The event’s motto, “They do the walking and you do the talking,” sums up the process: student organizations will occupy booths while potential employers divide attention among the potential employees.

Olson said she introduced the idea at Marquette after she heard of other campuses planning similar events.

“We did some research and found that employers were interested in the idea and students seemed excited about it,” Olson said.

Student organizations must finance the decoration and establishment of their own booths, but Olson said as an incentive to properly prepare and impress potential employers, the Career Services Center is offering a reimbursement fee of $25 or a $25 Jimmy John’s gift card.

Olson said this money also serves as an attempt to involve student groups that cannot afford to pay various fees for sufficiently equipping their booths.

A $200 grand prize Sobelman’s gift card will be given to the booth that best encompasses creativity and originality.

Some employers in attendance include the Milwaukee Teaching Fellows, Northwestern Mutual Bank and the Harley-Davidson Motor Company, according to the Reverse Career Fair Web page.

Max Schuette, the acting site manager of the Milwaukee Teaching Fellows, said his organization will seek specific characteristics among Marquette candidates.

“We are looking for students who will be graduating soon,” Schuette said. “But besides that, we want members who have shown past achievements.”

Schuette said the organization will also seek individuals who exhibit an honest passion in closing the achievement gap in Milwaukee schools.

The Career Services Center held a mandatory training session last week, Olson said, where practice activities included setting up a mock booth and completing guide packets.

“I’m confident that these student organizations are prepared to meet and impress any employer,” Olson said.

The invited employers were specifically recruited because Marquette has established familiar relations with them in connecting with graduates entering the workforce, Olson said.

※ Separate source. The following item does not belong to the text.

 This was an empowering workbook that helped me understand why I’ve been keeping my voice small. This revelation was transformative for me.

Schuette said the Milwaukee Teaching Fellows’s relations with Marquette students have been beneficial since the organization’s inception in 2008.

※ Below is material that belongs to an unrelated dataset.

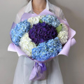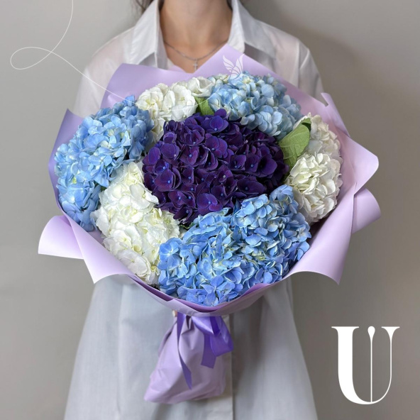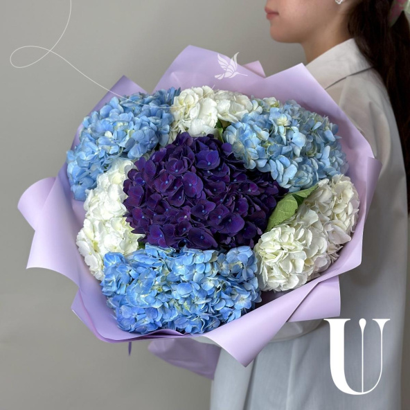 Монобукет из голубых и белых гортензий в дизайнерской упаковке

“At Marquette, the students have been (especially) great resources and outstanding candidates,” he said.

Students, including Jessica Paro, a junior in the College of Communication and president of the MU Ad Club, have thoroughly prepared for the fair next week in hopes of impressing potential employers.

“I have asked my (Ad Club) members to practice their interview skills and to be sure that they have resumes and business cards ready,” Paro said in an email.

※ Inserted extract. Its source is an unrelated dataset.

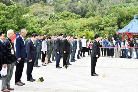 國防部舉辦古寧頭戰役勝利75週年紀念活動追思祭悼典禮,於昨日上午9時30分起,在太武山忠烈殿以及太武公墓前進行,由總統賴清德擔任主祭,國安會秘書長吳釗燮、國防部長顧立雄、行政院金馬聯合服務中心執行長吳增允、縣長陳福海、副縣長李文良、縣議會議長洪允典、立法委員陳玉珍服務處主任林孫全、縣府一級單位主管以及地方鄉鎮首長、多位參戰老兵共同陪祭,向國軍先烈上香、獻花、鞠躬,表達思悼之情,現場氣氛莊嚴肅穆。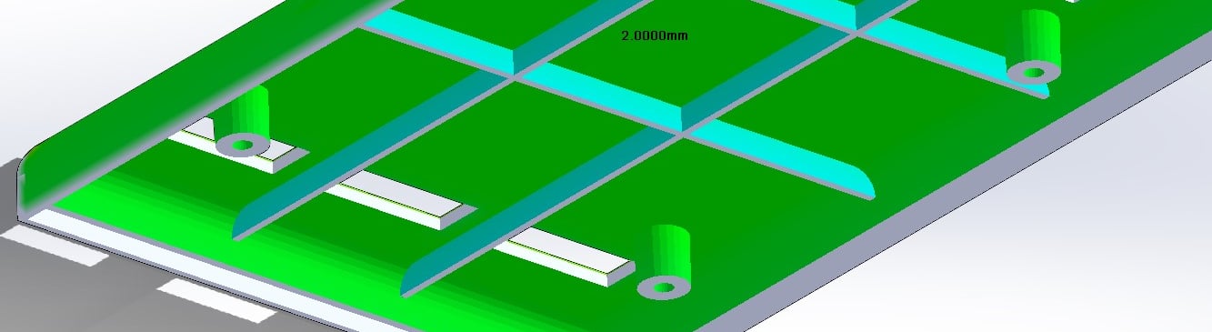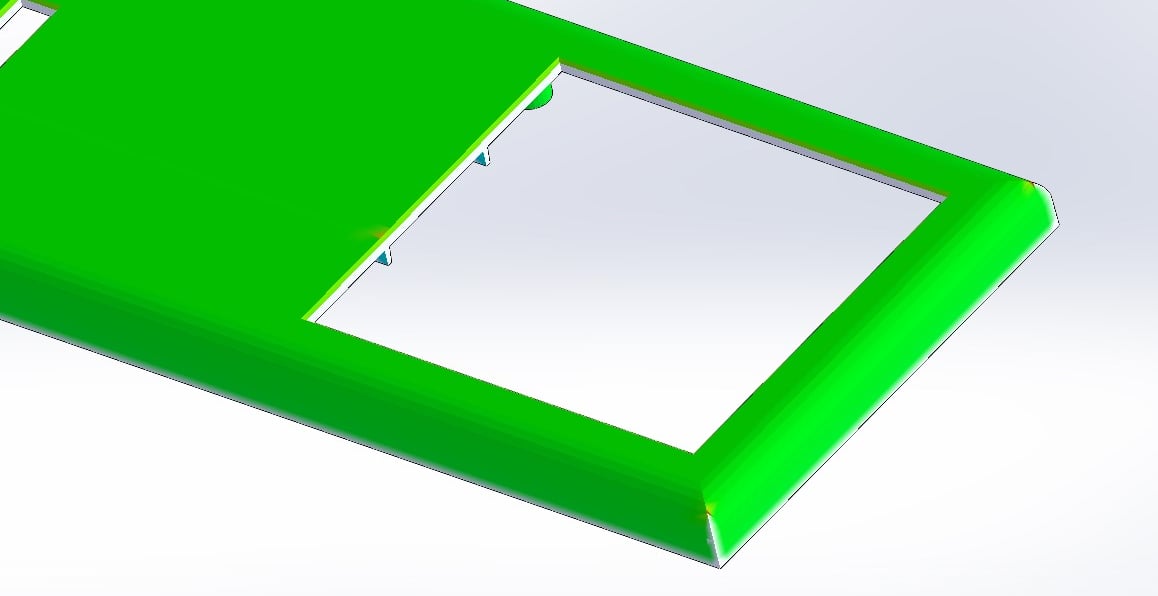 Thickness, a uniform thickness is important for certain physical restistance properties of the product itself but is also extremely important for injection moulding. A non-uniform thickness can lead to bad flow of the thermoplastic polymer throughout the mould, it could also lead to sinkholes, warping and tearing after the thermoplastic cooled off making the product less physically resistant and possibly harder to eject from the mould itself. After the analysis, also shown below I had to make minor adjustments to optimise the thickness, mainly around edges where fillets were applied.

She also mentioned the Career Services prizes as an incentive to further engage her organization and said MU Ad Club’s booth will serve as an opportunity to visually impress potential employers with a professional table display.

Olson stressed that employer-student relations are not the only benefits of this event.

“Student organizations can benefit from connecting and working together with their own team,” Olson said.

Nevertheless, Olson said the central goal of the event is to provide students with the ability to network with employers and gain experience.

Paro agreed, and said the fair may help her organization’s members secure jobs that could otherwise be difficult to obtain.

“This experience will definitely help us improve our interview skills and hopefully allow us to make contacts with people who are interested in our careers,” Paro said. “I do not see any downsides to this experience.”